Author contributions
Y.Q., S.S., M.D. and D.F.C. conceived the study and designed the experiments. D.F.C. and S.S. generated all the molecular constructs. D.F.C., S.S. and Y.C. performed rice protoplast experiments. D.F.C. generated stable rice plants and conducted downstream analyses. M.Z. performed genome-wide off-target analyses. S.C. and S.X. helped with the development of the manuscript. Y.Q. and D.F.C. wrote the paper with input from other authors. All authors read and approved the final manuscript.
Acknowledgements
This work was supported by USDA-NIFA BRAG Program (2018-33522-28789 and 2024-33522-42755) and NSF PGRP Program (IOS-2132693 and IOS-2224203).
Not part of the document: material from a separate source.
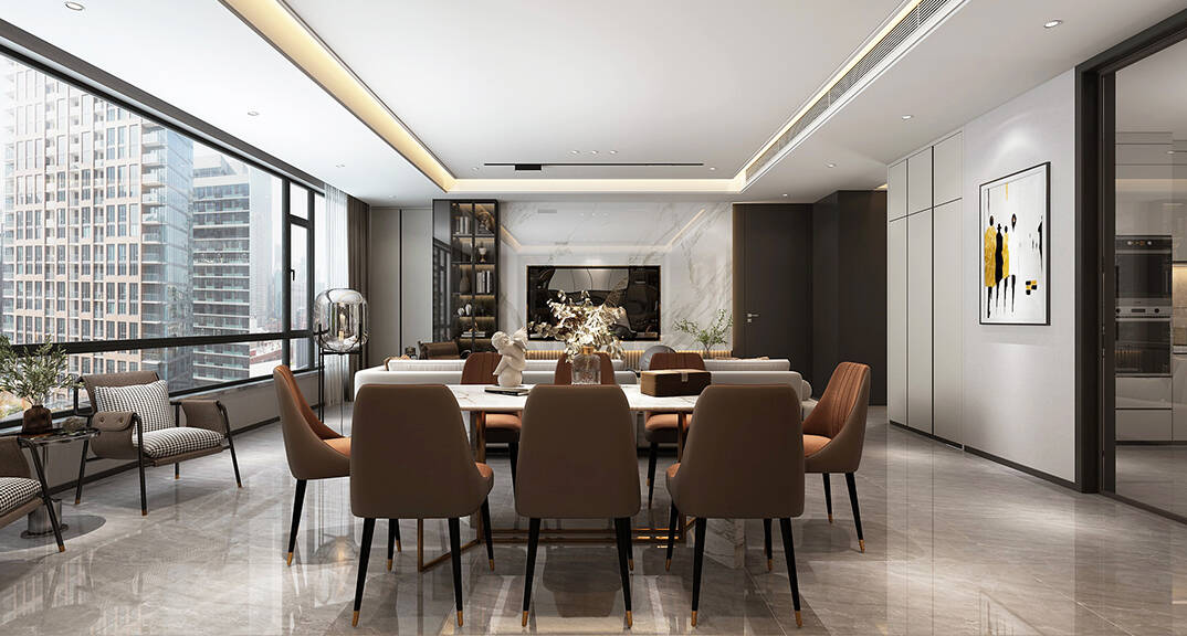 匯豪觀邸155m2輕奢風(fēng)格-客餐廳效果圖
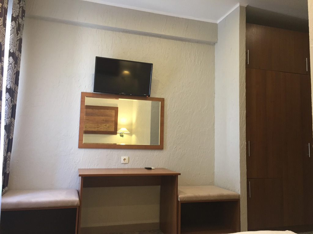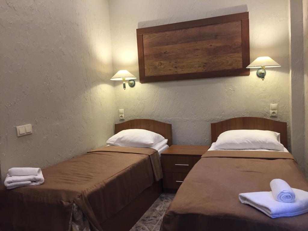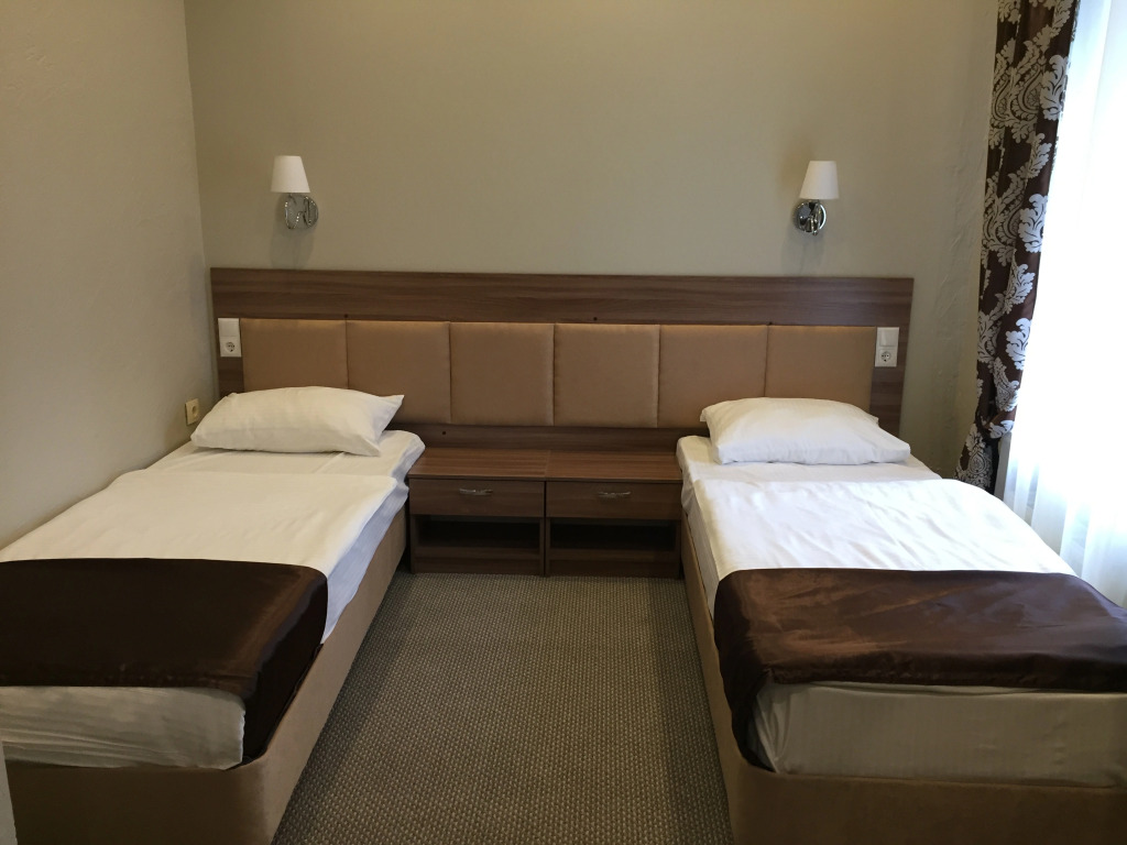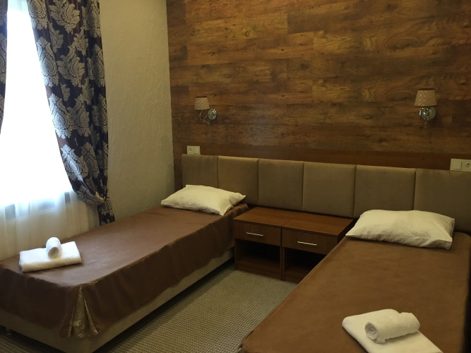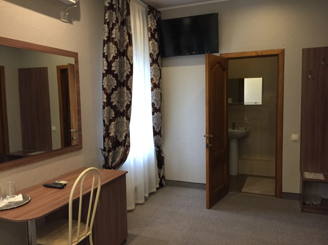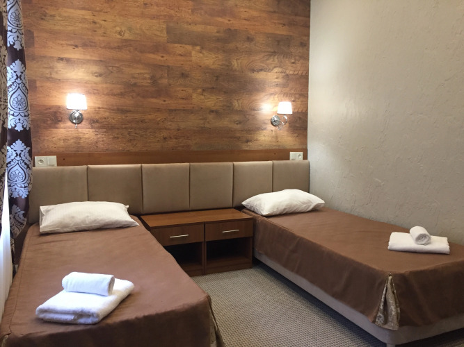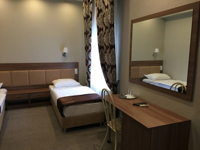 Площадь стандартного номера — 23.0 кв.м. В номере вас будут ждать душ, телевизор, халат и тапочки. Оснащение зависит от выбранной категории номера.

D.F.C. is a fellow from the São Paulo Research Foundation (FAPESP – Process Number: 2020/07045-3, 2021/13478-2 and 2022/11738-0). S.S. was a fellow of the Foundation for Food and Agriculture Research.
Conflict of interest
Y.Q., S.S., Y.C. and M.D. are inventors on a US Patent Application for discovering novel cytidine deaminases from this study. All other authors declare no competing interests.
Open Research
Data availability statement
The WGS data have been deposited in the Sequence Read Archive (SRA) in the National Center for Biotechnology Information (NCBI) under the accession number BioProject PRJNA1161160 with the SRR numbers (SRR30670606 to SRR30670614).